I am not too much into details, but I noticed this.

By having this enabled, I think it will want you to install/direct to your own CUDA artifact?

This is atleast what I get from reading the docs on CUDA

Kind regards

When you work with cluster nodes, usually you have to use CUDA drivers which already installed on the cluster. I have loaded it as modules.

module load nvidia/cuda/11.6u2
module load nvidia/cudnn/8.1.1

As far as I know from docs and forum messages in this case you have to switch off a JULIA_CUDA_USE_BINARYBUILDER and let to use locally built binaries. I can remove this line, but it will try to download all the CUDA packages, not only CUDA_compat.

Just if anybody need it: I have found a solution.
In file β€œ~/.julia/packages/CUDA/DfvRa/lib/cudadrv/CUDAdrv.jl” I found an β€œIF” operator which control the CUDA_compat downloading. Obviously, my CUDA toolkit 11.6 is a bit too old and CUDAdrv.jl try to download compatibility package.
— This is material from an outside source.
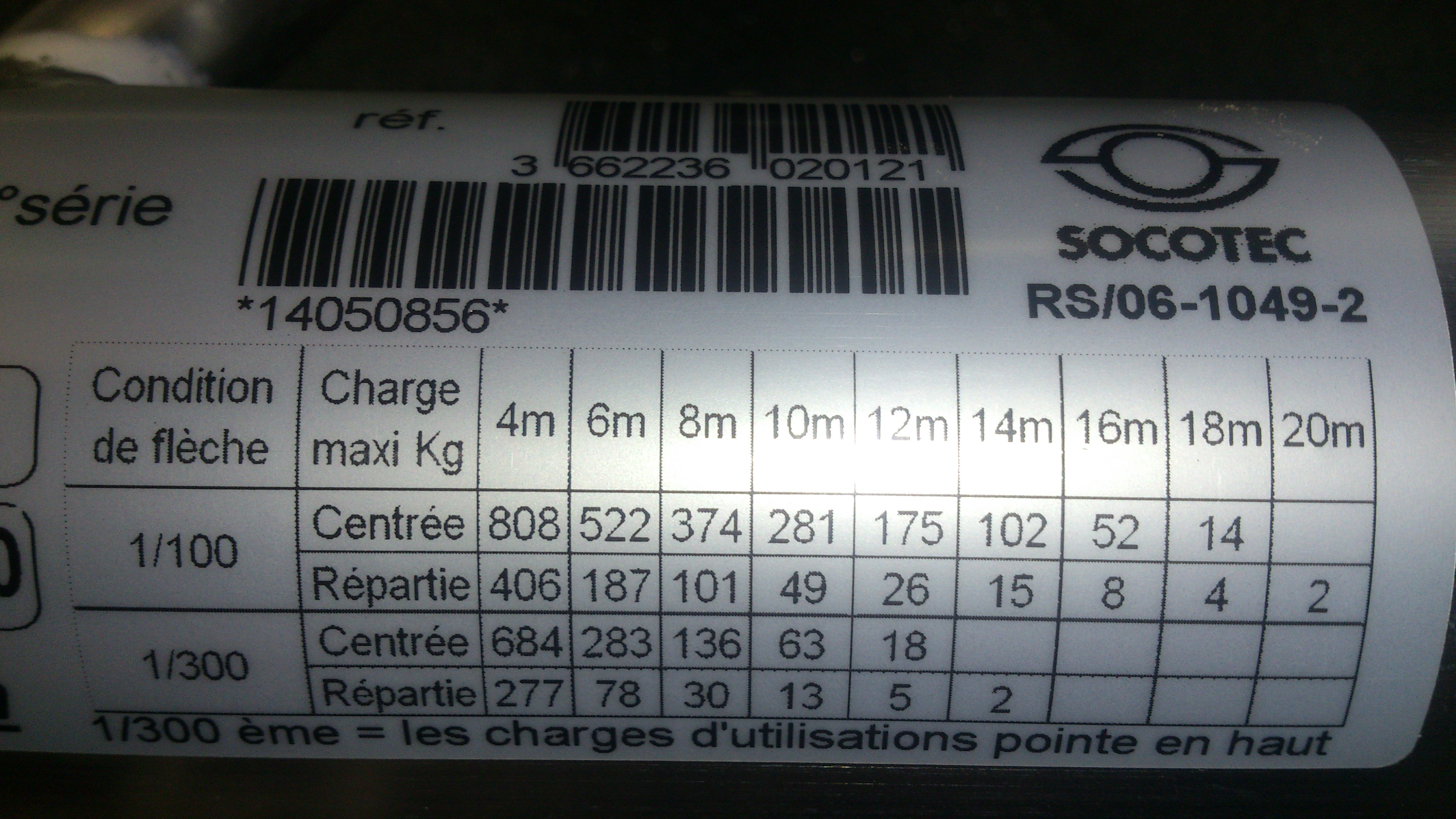 Med högst begränsade kunskaper i franska och utan att se mer av trossen så verkar det ändå vara en trekantstross där den nedre tabellen (1/300) visar max last när trossen "pekar uppåt", vilket stämmer med de flesta specar jag sett där "apex up" brukar klara mer last än tvärtom (kan vara samma åt båda hållen hos en del tillverkare, men jag har nog aldrig sett tvärtom).

    if getenv("JULIA_CUDA_USE_COMPAT", !hooked && !system_driver_loaded) && _system_version[] < v"11.7"

Solved it easily just switching off JULIA_CUDA_USE_COMPAT environment variable

export JULIA_CUDA_USE_BINARYBUILDER=false
export JULIA_CUDA_USE_COMPAT=false
1 Like

Why would you disable the attempt to load the forward-compatibility driver? The debug message mentioned that your system isn’t compatible with it, nothing more. It’s just a debug message.
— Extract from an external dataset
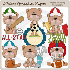 Questa collezione comprende adorabili orsetti sportivi, cappellini da baseball, una palla da baseball, una mazza da baseball, un pallone da calcio, un pezzo d'erba, un trofeo d'oro, una bandierina, un pallone da basket, una pallina da golf, mazze da golf, un pallone da calcio, un pallone da calcio casco, cornice smerlata e grafica con due parole: "All Stars" e "Team Spirit". Questo set contiene 9 grafici.

User cluster nodes have GPU but have no an internet access. I can install julia packages using a login node but I have no possibility to download when I run code on cluster nodes with GPU.
As far as I found out in message boards - It is not so rare situation

In my case, an unsuccessful attempt to download CUDA_compat takes about 20 additional seconds of compilation time. Thus, I prefer to switch it off. I think that correct solution is just to ask the cluster admin to update CUDA driver, but it could take a while

That would be very surprising. Are you sure you’re not confounding the failed download of CUDA_Compat with the artifacts? The latter tries a bunch of time, for each CUDA version, so might take a while to fail all the way. Or is this a feature of your environment (e.g., by timing out connections instead of rejecting them)?
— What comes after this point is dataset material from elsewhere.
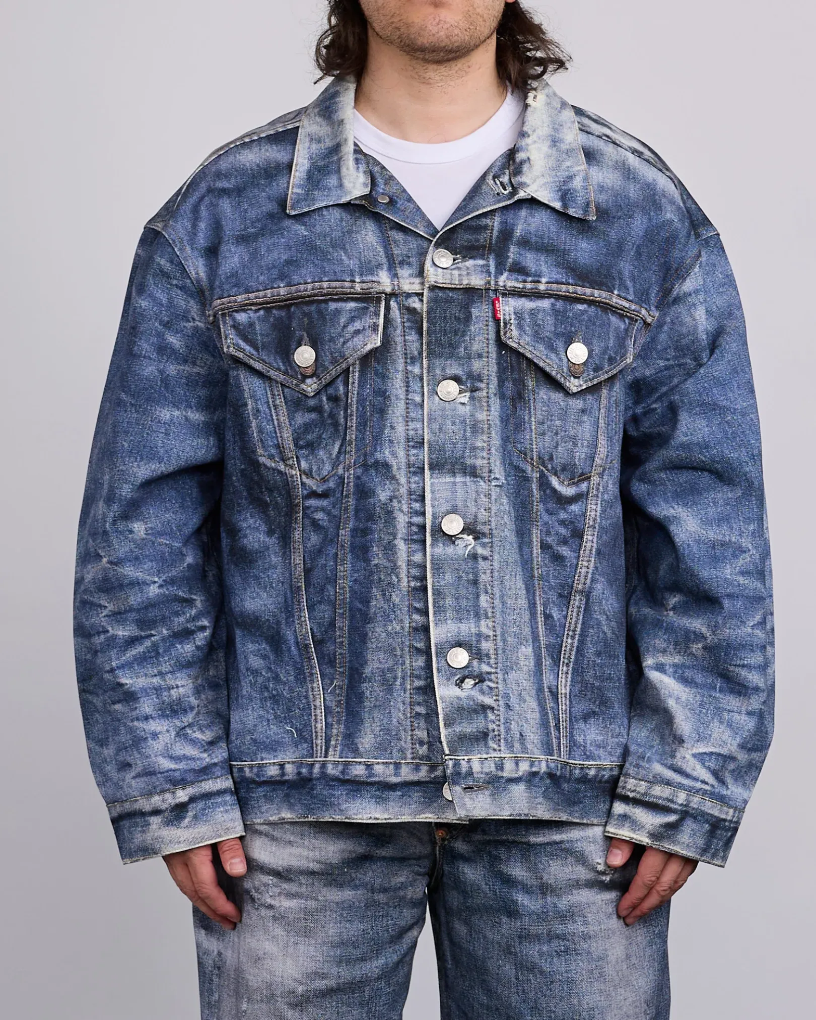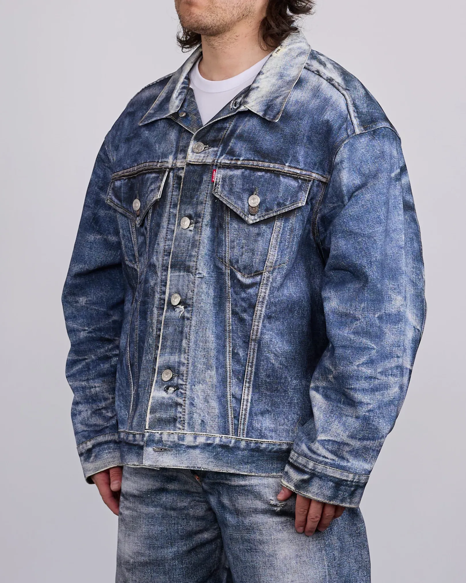 This standout piece from Junya Watanabe MAN in collaboration with Levi’s features an inkjet-printed trompe l’oeil design, creating the illusion of classic denim while offering the comfort of lightweight cotton. Inspired by vintage silhouettes and Japanese archival influence, the oversized fit delivers a modern, relaxed profile. Details include two front flap pockets, buttoned cuffs and waist, and precise tailoring synonymous with Junya’s craftsmanship.

I believe that your last suggestion is correct. I have tried to start wget on the node with GPU. Here is the log and there was the very same delay - approximately 20 seconds.

$ wget https://google.com
--2023-01-05 11:51:18--  https://google.com/
Resolving google.com (google.com)... 108.177.14.101, 108.177.14.138, 108.177.14.139, ...
Connecting to google.com (google.com)|108.177.14.101|:443... failed: No route to host.
Connecting to google.com (google.com)|108.177.14.138|:443... failed: No route to host.
Connecting to google.com (google.com)|108.177.14.139|:443... failed: No route to host.
Connecting to google.com (google.com)|108.177.14.102|:443... failed: No route to host.
Connecting to google.com (google.com)|108.177.14.113|:443... failed: No route to host.
Connecting to google.com (google.com)|108.177.14.100|:443... failed: No route to host.
Connecting to google.com (google.com)|2a00:1450:4010:c0f::66|:443... failed: Network is unreachable.
Connecting to google.com (google.com)|2a00:1450:4010:c0f::8a|:443... failed: Network is unreachable.
Connecting to google.com (google.com)|2a00:1450:4010:c0f::8b|:443... failed: Network is unreachable.
Connecting to google.com (google.com)|2a00:1450:4010:c0f::65|:443... failed: Network is unreachable.